The following commentary on Federal budget management is the first in a series of columns for Breaking Gov by James Windle called “Inside the Government Engine Room.”

After spending half of fiscal year 2011 under a series of short-term continuing resolutions, executive branch agencies have just a few more months before the next fiscal year begins. The outlook for a timely fiscal year 2012 budget does not look good.

Continuing resolutions, or CRs, are becoming the new normal. The President signing an annual appropriation before the new fiscal year begins on October 1 is becoming a relic of the past with CRs almost every year the past decade.

Congress uses CRs when an agreement on the budget cannot be reached by the end of the fiscal year. CRs can range in duration from a few days to the entire year.

The bite-size appropriations under short-term CRs are normally a simple pro-rata allocation of the prior fiscal year. For example, a 30-day CR allocates 30/365 of last year’s funding levels to executive branch agencies. Congress will write exceptions and guidance into CRs to keep disruptions to a minimum, but most agencies operate within the constraints of a pro-rata allocation.

As the executive branch has learned how to operate under a CR, an unintended consequence has been reducing the urgency for Congress to pass budgets on time.

The impact of CRs on agencies can be significant, particularly when there is a series of short-term CRs.

First, the bite-size allocations do not align with how agency programs are run because funding is not obligated evenly throughout the year. Some programs, for instance, may front-load obligating funds early in the fiscal year to secure low cost contracts; they cannot do so under a CR.

Second, most CRs do not permit new programs to start stalling new policy initiatives.

Finally, new hiring is often suspended since future funding is not known. The cumulative effect of these inefficiencies on programs can sometimes take months to correct.

Yet, despite the challenges of a CR, the executive branch has become quite adept at operating under them. This year was the ultimate test. Most of the executive branch operated under CRs into April.
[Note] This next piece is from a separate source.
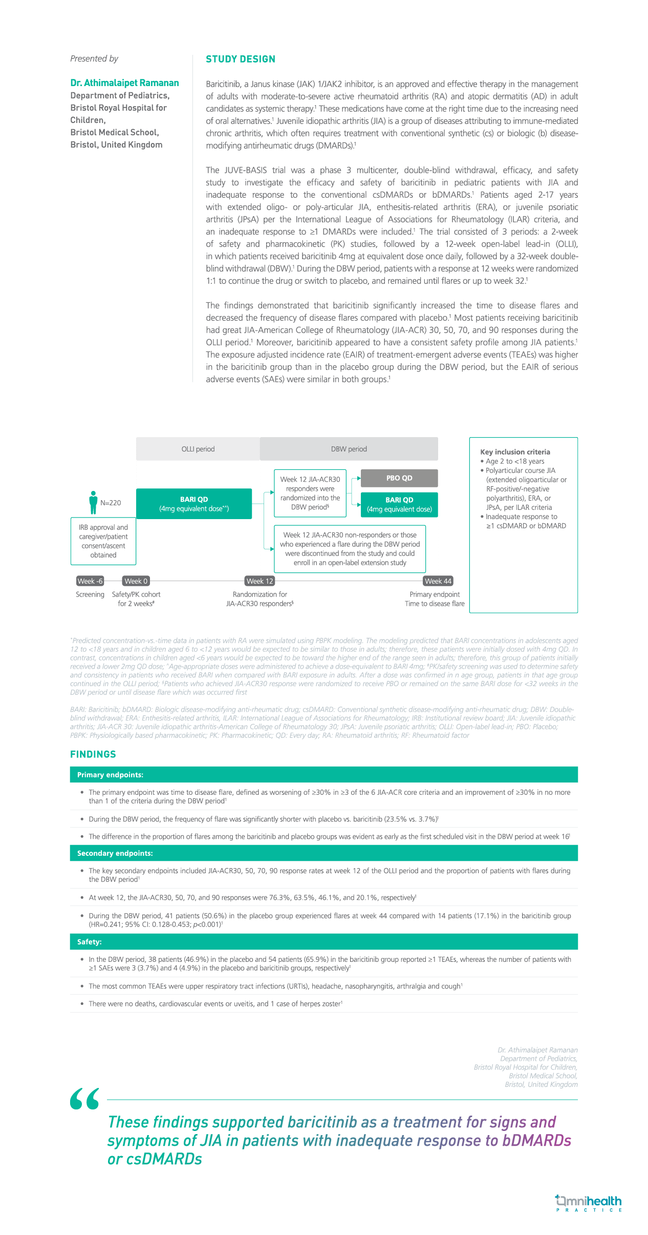 Baricitinib yields favorable outcomes in JIA: the phase 3 JUVE-BASIS trial

The White House warned of disruptions of public services but they never materialized. As the executive branch has learned how to operate under a CR, an unintended consequence has been reducing the urgency for Congress to pass budgets on time.

Put another way, the consequences of a CR for the executive branch are difficult for the public to discern. This has contributed to the emerging norm of the CR.

As mentioned, the outlook for the 2012 budget does not look good. The White House and Congress could negotiate a budget deal but there is not a lot of time. We may well end up in familiar territory. The House and Senate Committees on Appropriations, which like their executive branch counterparts have mastered the art of the CR, may end up drafting CRs as the new fiscal year begins.

Those frustrated by CRs should embrace the horror because CRs are the new normal.

The writer is a federal employee who has worked for executive branch agencies, the Executive Office of the President, and Congress. The views and opinions of the writer are his solely and are independent from the United States Government.